After their first encounter, Xuanye performs a ritual gesture — kissing Banxia's eyes — that gives her the ability to see fully into the demonic world. From this point, the two work together, beginning with the case of the Mirror Demon.
The Mirror Demon arc plays out, in tonal terms, like a melodrama love story — one that has spanned hundreds of years and involves obsessions and betrayals across multiple lifetimes. There are several sad love songs in this arc, and the visual style leans toward the ornamental, the candlelit, the slow-revealing.
What the Arc Is Really About
The Mirror Demon's central thematic concern is the fear of losing beauty with age. The demon, in its motivation, is driven by an obsession with eternal youth — the fear of decay, the desire to preserve what time naturally takes away. This is presented not as a simple villain motivation but as a deeply relatable human concern dressed in supernatural form.
The arc asks: what would you do to keep what you have? And how does the desire to hold onto youth, beauty, or love past its natural end transform a person into something that can no longer be called fully human?
The chengyu 镜花水月 (jìng huā shuǐ yuè, "flowers in a mirror, moon in water") captures the deeper figure here — things that appear real but are illusion. The mirror shows you what you want; what you see is not, and never was, the thing itself.
Tonal Notes
- Genre: Romantic melodrama with horror undertones
- Pacing: Slow, ornamental
- Atmosphere: Candlelit, ornate, emotionally lush
- Use within the show: Establishes the demonic world, sets up Banxia and Xuanye's working relationship
Arc 2: The Puppet Demon (傀儡妖)
What Happens
The second arc takes Banxia and Xuanye to a scenic resort outside Guangping — a place of such tranquility that the threat of becoming permanently lost in its lifestyle is itself part of the danger. The Puppet Demon operates here, and its mechanism of harm is more disturbing than the Mirror Demon's romantic obsession.
The Puppet Demon controls humans like marionettes. It also seeks out specific human features — eyes, hands, voices — to take and combine into an "ideal" form. The antagonist of this arc fixates particularly on Banxia, whose strange-eyed vision makes her uniquely valuable to the demon's purpose.
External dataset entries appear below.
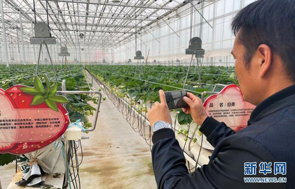 云南省农科院花卉研究所研究员阮继伟在草莓基地拍摄草莓(12月6日摄)。新华社记者 杨静 摄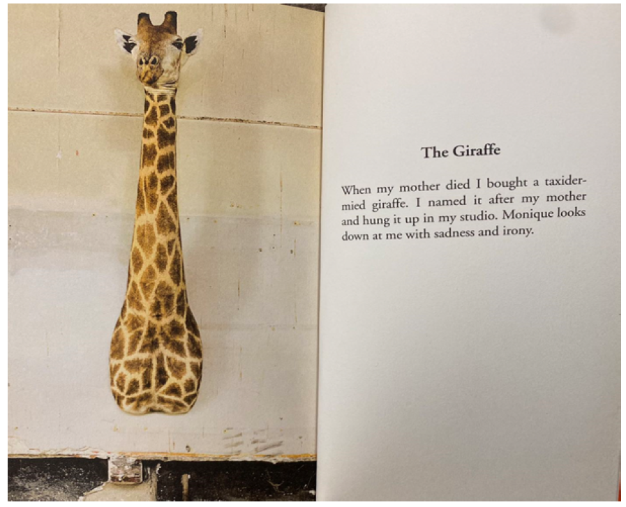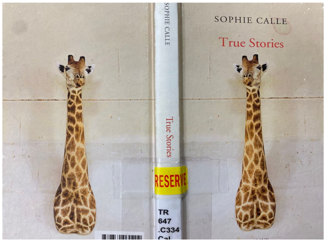 Phototextuality is a topic that many scholars are interested in while investigating Calle’s works. According to Gratton, it is the study of “different kinds and degrees of relation that hold between image and language across a wide range of contexts” [1]. Since the taxidermied giraffe as the cover is discussed above, it is time to look into its story and analyze the phototextuality.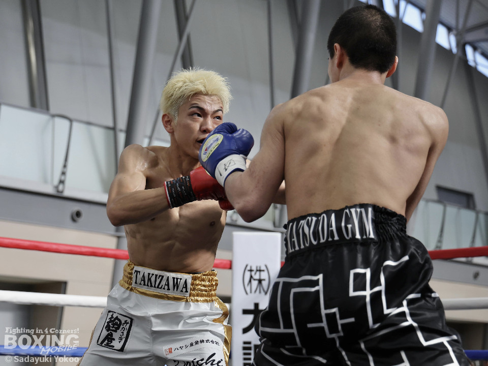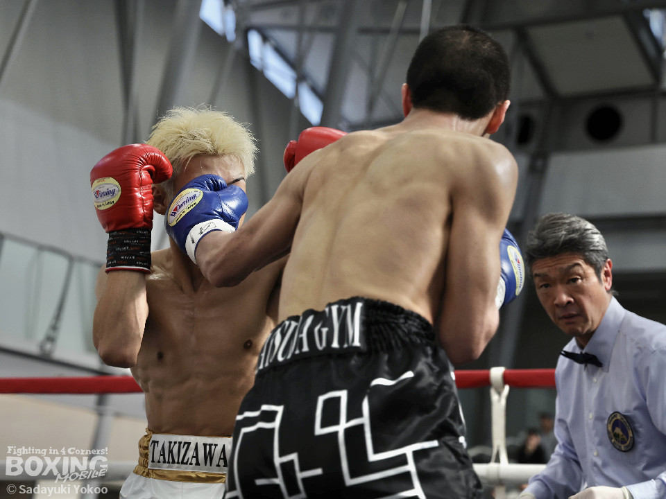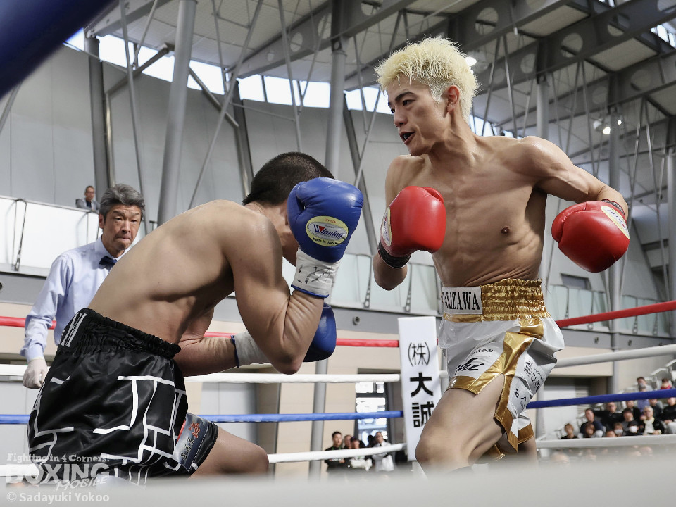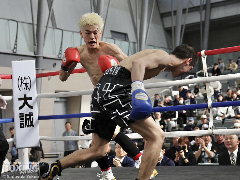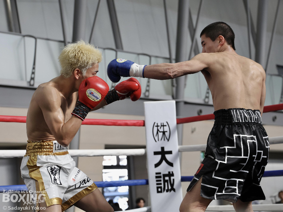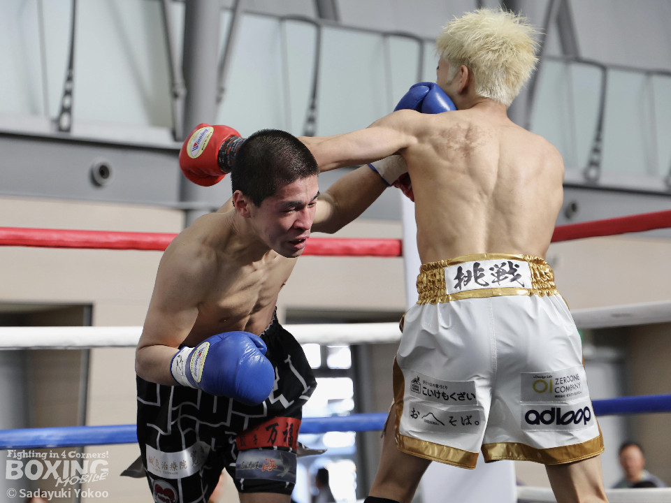 試合:試合開始直後からパンチを交錯させる両者。先手を取ったのは樋田。右ストレートを側頭部に合わせて一度目のダウンを奪う。立ち上がった島袋だがダメージは深く樋田の追撃に合う。その後、再び右ストレートをもらい完全に効いた島袋をレフェリーが救った。樋田は大歓声の中、勝ち名乗りを受けた。
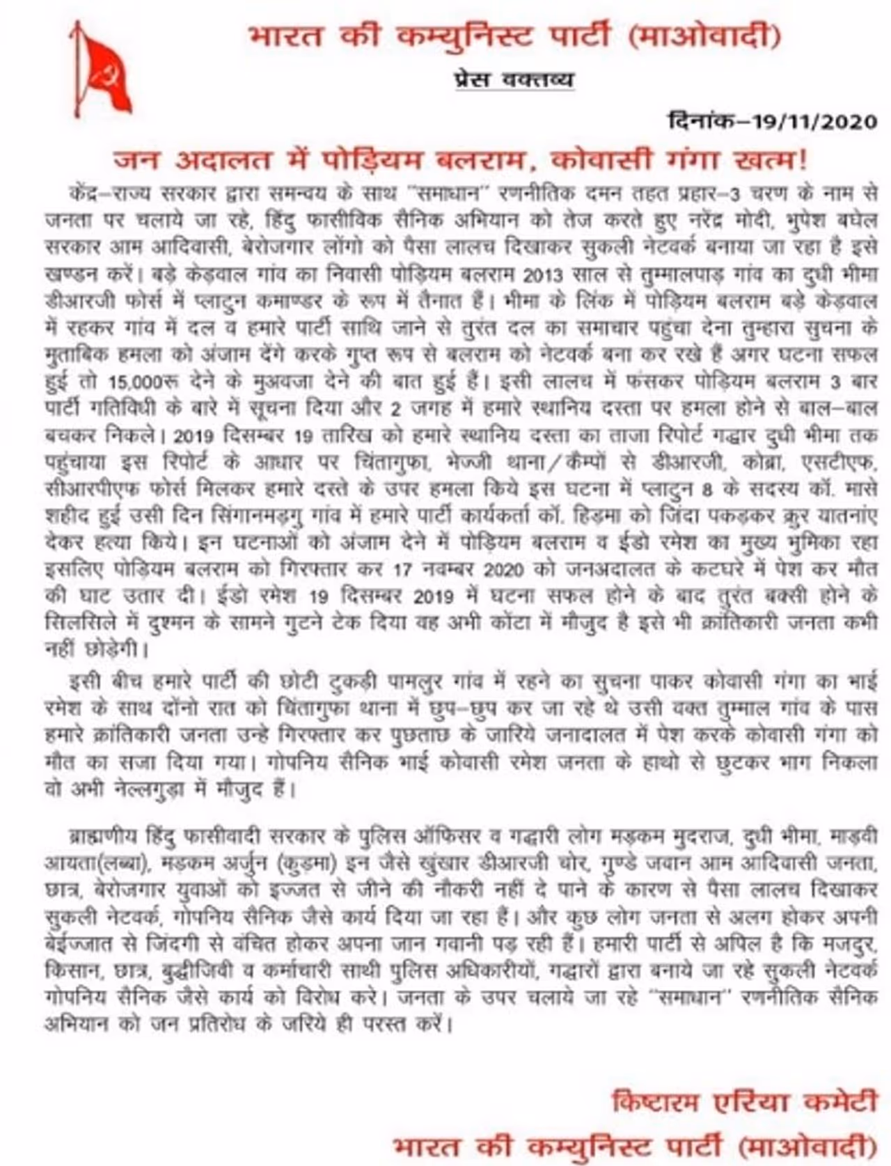 19 नवंबर को जारी प्रेस नोट आज मीडिया के हाथ लगा है। नक्सलियों की किस्टाराम एरिया कमेटी की ओर से ये प्रेस नोट जारी किया गया है। इसमें बताया गया है कि 17 नवंबर को नक्सलियों ने जन अदालत लगाकर दो युवकों की हत्या की है। इनमें एक का नाम बड़े केड़वाल गांव निवासी पोड़ियम बलराम और दूसरा पामलुर गांव निवासी कोवासी गंगा बताया गया है। दोनों पर मुखबिरी करने का आरोप लगा है।

The tonal register of this arc is horror — explicitly. The drama shifts from melodrama to genuine fear. Reviewers have described the arc as "spooky" and noted that the production's commitment to horror atmosphere — extended silences, unexpected camera movements, scenes of slow physical revelation — makes it the show's most genuinely frightening stretch.
What the Arc Is Really About
The Puppet Demon's thematic concern is the human obsession with perfection. The demon is not random in its targeting. It seeks out people who possess specific features it considers ideal, and assembles them into a single perfected form.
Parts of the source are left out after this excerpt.